» **To do**: Leave out the pictures and repeat the data exactly.

[[ Data extract open ]]

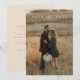 Um convite de casamento moderno e elegante, com um tom de bege, projetado com letras de roteiro. Personalize com sua própria foto de noivado e detalhes do casamento futuro na frente e no verso.
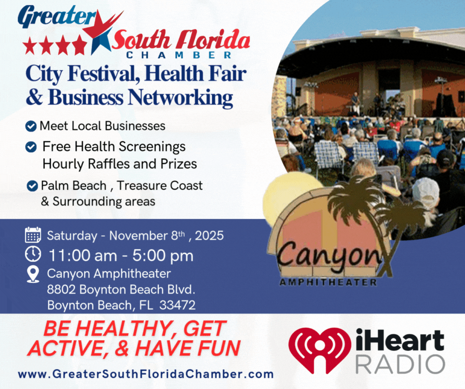 Presented by The Greater South Florida Chamber of Commerce, enjoy free health screenings, connect with local businesses and win raffles and prizes on Sat, Nov 8, 11:00 a.m. No reservation required. FREE ADMISSION
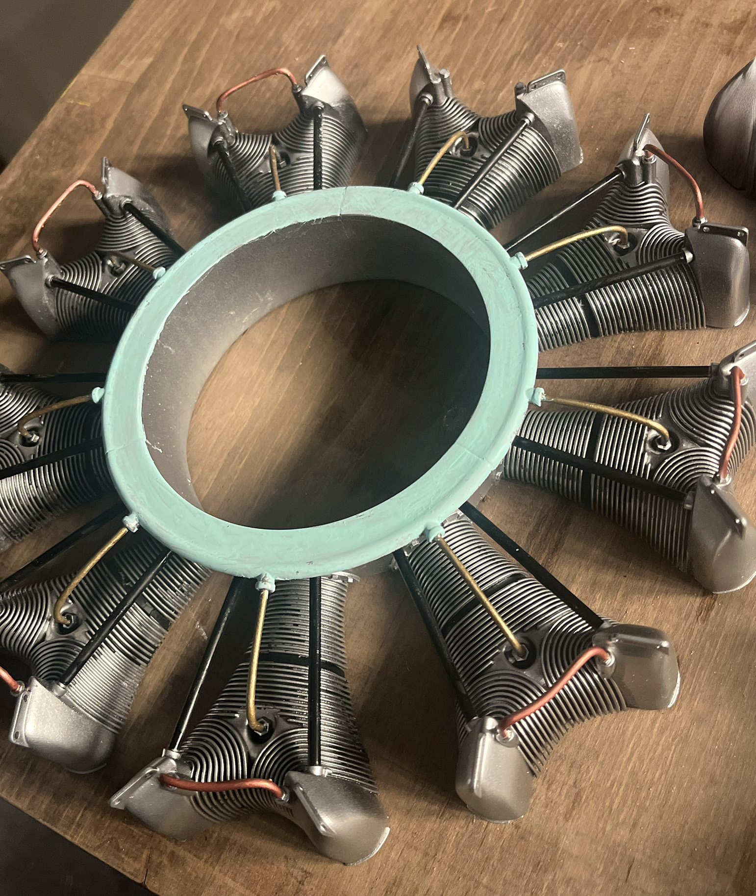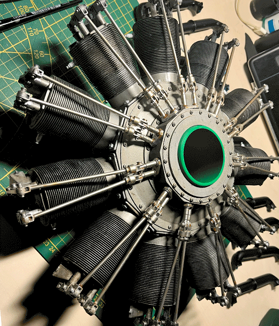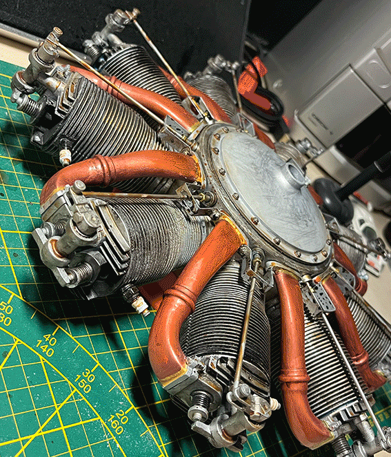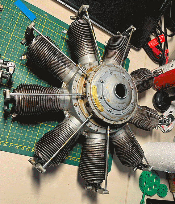 Makieta silnika Le Rhone 9C w skali 1:3. Modelowanie, druk 3d i malowanie.

[[ Data extract closed ]]

» **Solution for this task**:
 Um convite de casamento moderno e elegante, com um tom de bege, projetado com letras de roteiro. Personalize com sua própria foto de noivado e detalhes do casamento futuro na frente e no verso.
 Presented by The Greater South Florida Chamber of Commerce, enjoy free health screenings, connect with local businesses and win raffles and prizes on Sat, Nov 8, 11:00 a.m. No reservation required. FREE ADMISSION
 Makieta silnika Le Rhone 9C w skali 1:3. Modelowanie, druk 3d i malowanie.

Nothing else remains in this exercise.